Customizing Nvidia Containers

Introduction:

Nvidia provides many containers that are optimized for use on their GPUs. These containers are very handy to have but sometimes they don't include everything that we might need. For instance, they have a set of Tensorflow containers but the containers don't include the matplotlib package. This page describes how to build a new container, using the original one that Nvidia provides as a starting point. In the example below, we will start with a TensorFlow 2 container that is provided by Nvidia and we will create a new Singularity Container that has everything from the original container but also includes the matplotlib package.

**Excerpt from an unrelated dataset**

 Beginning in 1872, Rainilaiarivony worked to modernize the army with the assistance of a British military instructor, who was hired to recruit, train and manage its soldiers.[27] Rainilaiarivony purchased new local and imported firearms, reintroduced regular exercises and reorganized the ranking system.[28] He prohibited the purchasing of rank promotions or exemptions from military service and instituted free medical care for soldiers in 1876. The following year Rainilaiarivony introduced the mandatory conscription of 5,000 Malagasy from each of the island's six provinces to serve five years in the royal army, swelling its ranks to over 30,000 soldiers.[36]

Nvidia GPU-optimized Container Catalog

To see the list of containers that Nvidia provides, go to https://catalog.ngc.nvidia.com/ . From here, you can search for containers. For instance, searching for Tensorflow shows:

Clicking on the TensorFlow container will give a bunch of information on the container, including how to use it:

The path to the container can be found by clicking on the "Copy Image Path" button and choosing one of the versions of the container. This will be used when we need to create a Definition file. As an example, the most recent one for TensorFlow 2 that I find points to: nvcr.io/nvidia/tensorflow:22.07-tf2-py3 and this will be put into the new Definition file on the second line that starts with "From: "

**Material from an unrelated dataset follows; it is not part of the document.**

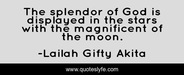 This page presents the quote "The splendor of God is displayed in the stars with the magnificent of the moon.". Author of this quote is Lailah Gifty Akita. This quote is about wise-words, nature, science, creation, moon, stars, god,.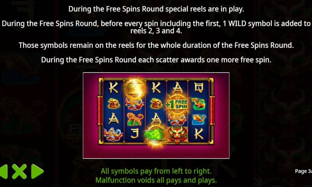 Característica Wild de tiradas gratuitas. Durante la ronda de tiradas gratuitas, se garantiza que al menos 1 símbolo Wild caerá en cada tirada en una casilla aleatoria de los rodillos 2, 3 ó 4.

Creating the Definition file with the Nvidia Container path:

On Katahdin, open a text editor and create a new file called "new_container.def with the following contents, where the second line includes the path that you got from the NGC site in the previous step:


Bootstrap: docker

From: nvcr.io/nvidia/tensorflow:22.07-tf2-py3


%post


    DEBIAN_FRONTEND=noninteractive apt-get install -y --no-install-recommends \

        coreutils  


    pip install matplotlib

    echo "Done"

The red line is what is being added to the container. You can add other things to the container using the "apt" command, other pip commands, and other ways too.

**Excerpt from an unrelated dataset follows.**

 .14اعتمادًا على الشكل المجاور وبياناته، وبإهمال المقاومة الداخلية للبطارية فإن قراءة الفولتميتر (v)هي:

Save the file and then run the following commands to actually create the new container. The end result will be a file with a ".simg" extension that is placed in your home directory. The process will start by sshing to a system that has Nvidia GPUs. This might not exactly be necessary but it also takes the load off of Katahdin.


ssh grtx-1

module load singularity

export TMPDIR=$XDG_RUNTIME_DIR 

singularity build --fakeroot $HOME/new_container.simg new_container.def

The third line sets up the TMPDIR variable for the singularity command to use. This is done for a couple of reasons but the biggest benefit is that the XDG_RUNTIME_DIR variable points to a tmpfs volume that gets created when you ssh to the grtx-1 system. This tmpfs volume is located in RAM so it is very fast. So, by setting TMPDIR to this directory in RAM, it will speed up the process of creating the container tremendously. 

The singularity command runs the "build" subcommand to build the .simg file and it uses the .def file to know how to build it. The "--fakeroot" parameter is needed in order for regular, not-root, accounts to be able to build the container.

Once the container has been created, you can use the container in a Slurm job with the following in your job submission script:


module load singularity

singularity run --nv new_container.simg python my_python_script.py


where "my_python_script.py" is the name of your python script.